King Kong is a film about the Great Depression, progress versus our natural past. Godzilla is a post-World War II film about the horrors of the atomic age, what humans had wrought on itself. The hydrogen bomb that laid waste to millions of Japanese in Hiroshima and Nagasaki put an end to the global massacre of billions for ideology and racism. The fears of our progress to make war, kill as many of us as possible, is in every frame of the 1954 film. And it does not hide its lineage from King Kong in its very name; Godzilla is from the word Gojira, a combination of two Japanese terms for “gorilla” and “whale”, both the fictionalized and actual largest mammals on the planet. This is not only nature come to lay claim to the planet, but the mutant ramifications of fucking with nature so badly.
This, of course, makes perfect sense in post-war Japan, a country ravaged in humiliating defeat, forced to see its holy leader felled by Western war technology and laid low by the growing dangers of the twentieth century. But Godzilla was so popular, an American version was introduced in 1956, literally challenging the legacy of King Kong with its title, Godzilla, King of the Monsters. A young Raymond Burr was added to the footage and thus the plot to put an American in the thing, a representative of our culpability in all this, harkening back to King Kong coming to die under a fuselage of airplane bullets thirteen years earlier. To be fair, it was just a Hollywood cash grab, but it was hard, as it is now, to ignore this theme. It is also quite cool to consider Godzilla and Elvis Presley showing up at the same time. Much of what came before was about to be swept away by another monster entirely.
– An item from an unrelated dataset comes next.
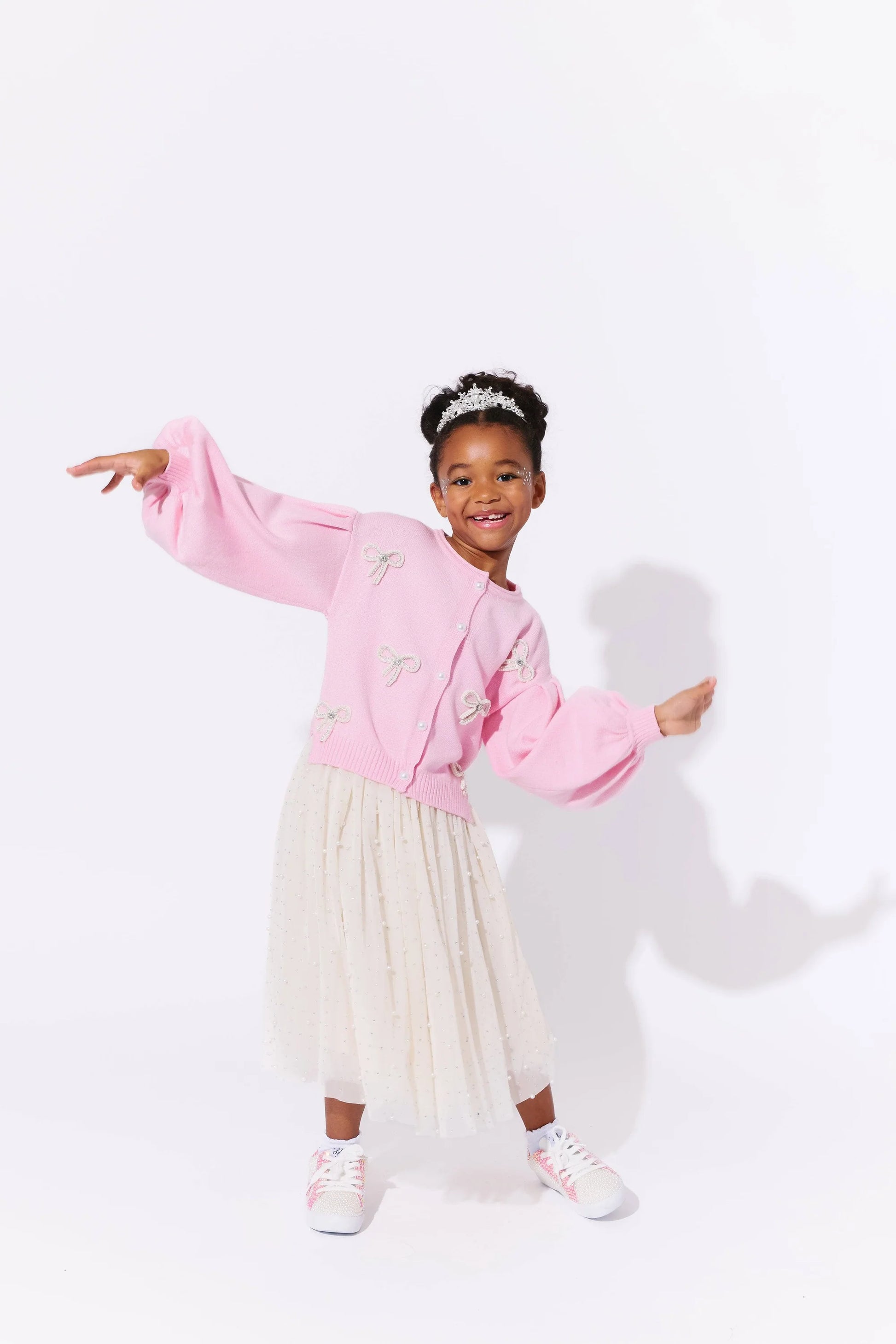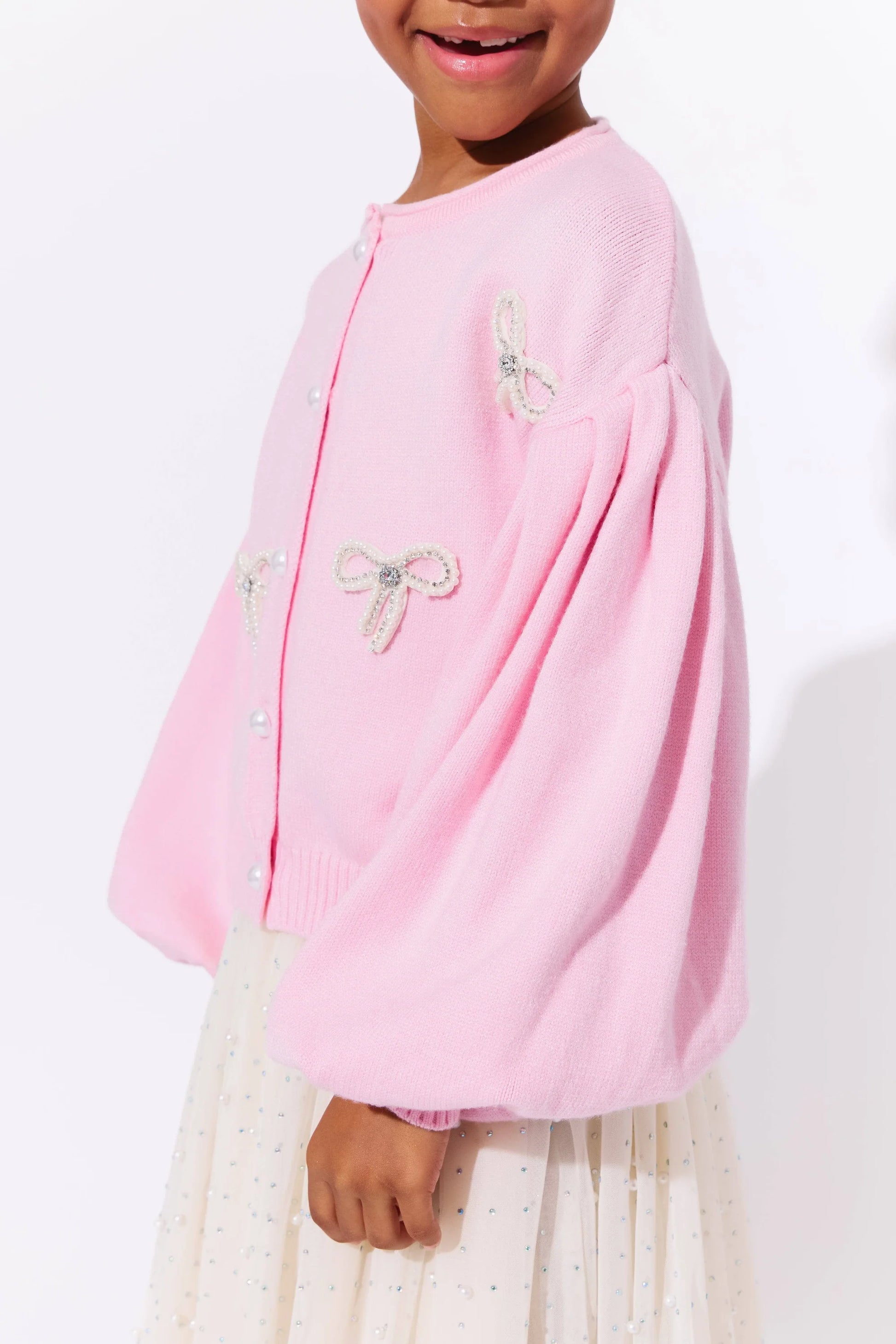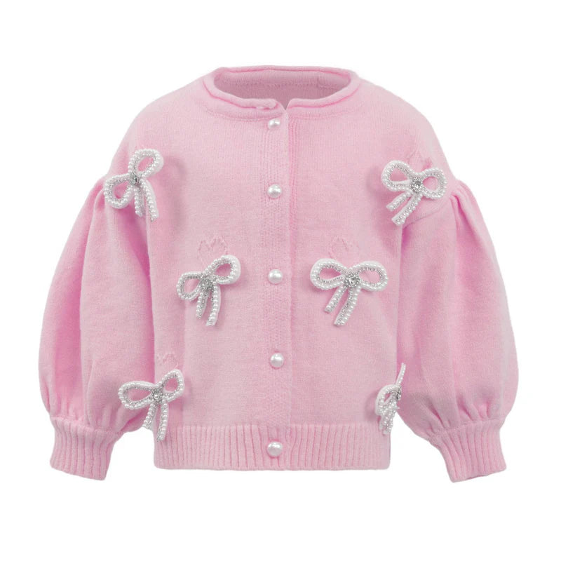 - Soft pink cardigan embellished with delicate pearl bow appliqués for a charming and feminine look.

So, it was inevitable that the two mighty franchises and its monsters should clash, and they did, in August of 1962, It was the height of the Cold War, two months before the Cuban Missile Crisis, and a year before the Kennedy Assassination, and the Beatles and the 1960s and all that. A Japanese film company produced it with a plot teeming with anti-corporate greed and growing fears over pharmaceuticals and nuclear realities. None of it makes any sense when considering A) Kong dies at the end of the original film – despite American exploitations for the franchise – and B) how he ends up across the globe. Nevertheless, it was a massive international hit, released in America the following year. When I saw it in the late sixties, we all assumed there would be a sequel, considering the spate of these monster films throughout my childhood on TV and elsewhere. There would be a ton of rematches to come. Alas, this was not to be.
Which brings us to 2021, and our pandemic/quarantine world, and the two titans returning to once again remind us of our self-destruction; technology and innovation over nature and humanity, our greed versus the sustaining of the planet, the unknown virus lying in wait to wipe us out. The ape from our past and the reanimated dinosaur from pre-history are products of things going terribly awry. Apparently, I would learn as we laughed and cheered and fist-pumped our way through Kong Versus Godzilla, this is a sequel of recent films, none of which I have seen. I mean, I am 58 now, and not as connected to the many universes run by giant conglomerates. But when I see these two lovable bastards about to fight, count me in.
Because that what monster movies do for us. They bring us back to our humanity by threatening it with large creatures that don’t belong, but kind of belong. They have human characterizes, they like kids, and are jealous and macho and fearful of something different moving in on their territory. All the stuff that we make and unmake.
We love monster movies. And it is no wonder at all.